Example: Acute myelogenous leukemia survival data
The aml data set sorted by survival time is shown in the box.
| observation | time | status | x |
| 12 | 5 | 1 | Nonmaintained |
| 13 | 5 | 1 | Nonmaintained |
| 14 | 8 | 1 | Nonmaintained |
| 15 | 8 | 1 | Nonmaintained |
| 1 | 9 | 1 | Maintained |
| 16 | 12 | 1 | Nonmaintained |
| 2 | 13 | 1 | Maintained |
| 3 | 13 | 0 | Maintained |
| 17 | 16 | 0 | Nonmaintained |
| 4 | 18 | 1 | Maintained |
| 5 | 23 | 1 | Maintained |
| 18 | 23 | 1 | Nonmaintained |
| 19 | 27 | 1 | Nonmaintained |
| 6 | 28 | 0 | Maintained |
| 20 | 30 | 1 | Nonmaintained |
| 7 | 31 | 1 | Maintained |
| 21 | 33 | 1 | Nonmaintained |
| 8 | 34 | 1 | Maintained |
| 22 | 43 | 1 | Nonmaintained |
| 9 | 45 | 0 | Maintained |
| 23 | 45 | 1 | Nonmaintained |
| 10 | 48 | 1 | Maintained |
| 11 | 161 | 0 | Maintained |
- Time is indicated by the variable "time", which is the survival or censoring time
- Event is indicated by the variable "status". 0= no event, 1= event
- Treatment group: the variable "x" indicates if maintenance chemotherapy was given
Kaplan–Meier plot for the aml data
The survival function S, is the probability that a subject survives longer than time t. S is theoretically a smooth curve, but it is usually estimated using the Kaplan–Meier curve. The graph shows the KM plot for the aml data and can be interpreted as follows:- The x axis is time, from zero to the last observed time point.
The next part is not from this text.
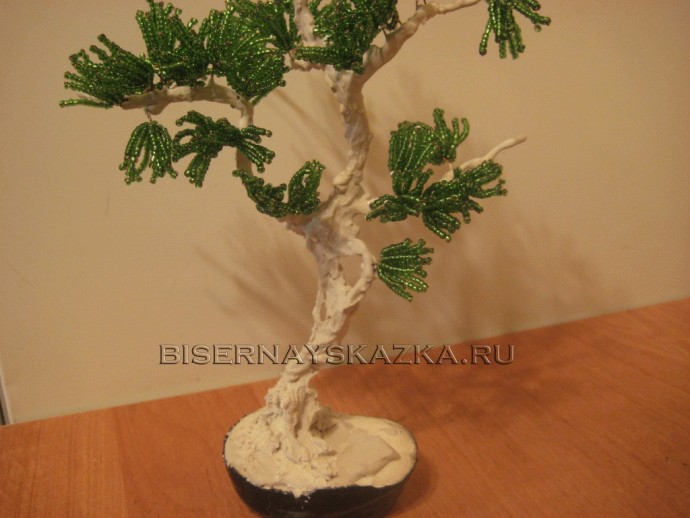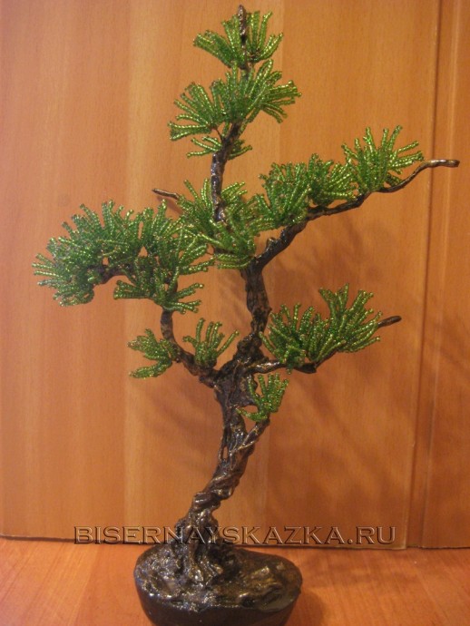 Сосна из бисераКогда придет новый год, ее можно будет украсить крохотными елочными шариками.

- The y axis is the proportion of subjects surviving. At time zero, 100% of the subjects are alive without an event.
- The solid line shows the progression of event occurrences.
- A vertical drop indicates an event. In the aml table shown above, two subjects had events at five weeks, two had events at eight weeks, one had an event at nine weeks, and so on. These events at five weeks, eight weeks and so on are indicated by the vertical drops in the KM plot at those time points.
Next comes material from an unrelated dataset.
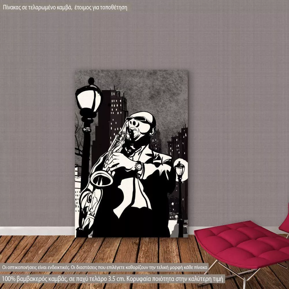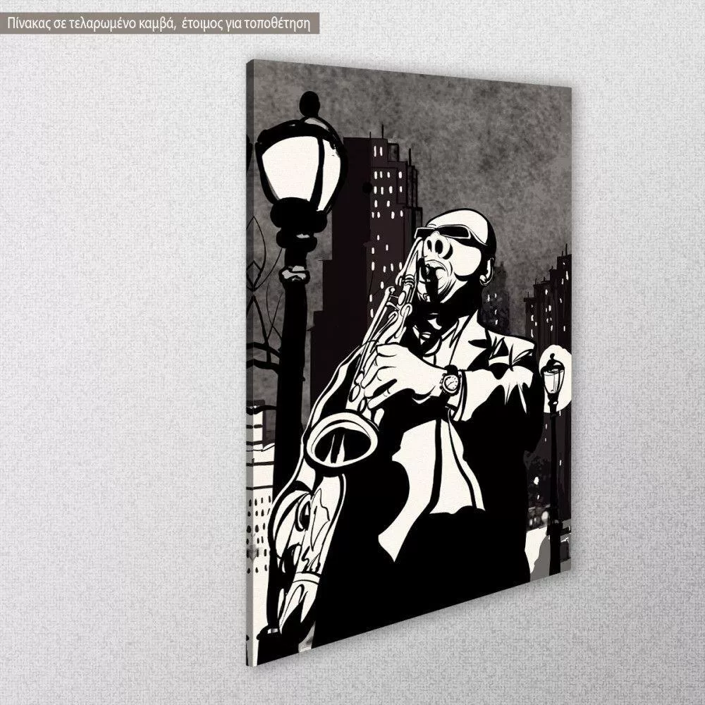 Πίνακας σε καμβά Μουσική, Saxophone player in a street at night

- At the far right end of the KM plot there is a tick mark at 161 weeks. The vertical tick mark indicates that a patient was censored at this time. In the aml data table five subjects were censored, at 13, 16, 28, 45 and 161 weeks. There are five tick marks in the KM plot, corresponding to these censored observations.
Life table for the aml data
| time | n.risk | n.event | survival | std.err | lower 95% CI | upper 95% CI |
| 5 | 23 | 2 | 0.913 | 0.0588 | 0.8049 | 1 |
| 8 | 21 | 2 | 0.8261 | 0.079 | 0.6848 | 0.996 |
| 9 | 19 | 1 | 0.7826 | 0.086 | 0.631 | 0.971 |
| 12 | 18 | 1 | 0.7391 | 0.0916 | 0.5798 | 0.942 |
| 13 | 17 | 1 | 0.6957 | 0.0959 | 0.5309 | 0.912 |
| 18 | 14 | 1 | 0.646 | 0.1011 | 0.4753 | 0.878 |
| 23 | 13 | 2 | 0.5466 | 0.1073 | 0.3721 | 0.803 |
| 27 | 11 | 1 | 0.4969 | 0.1084 | 0.324 | 0.762 |
| 30 | 9 | 1 | 0.4417 | 0.1095 | 0.2717 | 0.718 |
| 31 | 8 | 1 | 0.3865 | 0.1089 | 0.2225 | 0.671 |
| 33 | 7 | 1 | 0.3313 | 0.1064 | 0.1765 | 0.622 |
| 34 | 6 | 1 | 0.2761 | 0.102 | 0.1338 | 0.569 |
| 43 | 5 | 1 | 0.2208 | 0.0954 | 0.0947 | 0.515 |
| 45 | 4 | 1 | 0.1656 | 0.086 | 0.0598 | 0.458 |
| 48 | 2 | 1 | 0.0828 | 0.0727 | 0.0148 | 0.462 |
The life table summarizes the events and the proportion surviving at each event time point. The columns in the life table have the following interpretation:
- time gives the time points at which events occur.
- n.risk is the number of subjects at risk immediately before the time point, t. Being "at risk" means that the subject has not had an event before time t, and is not censored before or at time t.
- n.event is the number of subjects who have events at time t.
- survival is the proportion surviving, as determined using the Kaplan–Meier product-limit estimate.
- std.err is the standard error of the estimated survival. The standard error of the Kaplan–Meier product-limit estimate it is calculated using Greenwood's formula, and depends on the number at risk, the number of deaths and the proportion surviving.
- lower 95% CI and upper 95% CI are the lower and upper 95% confidence bounds for the proportion surviving.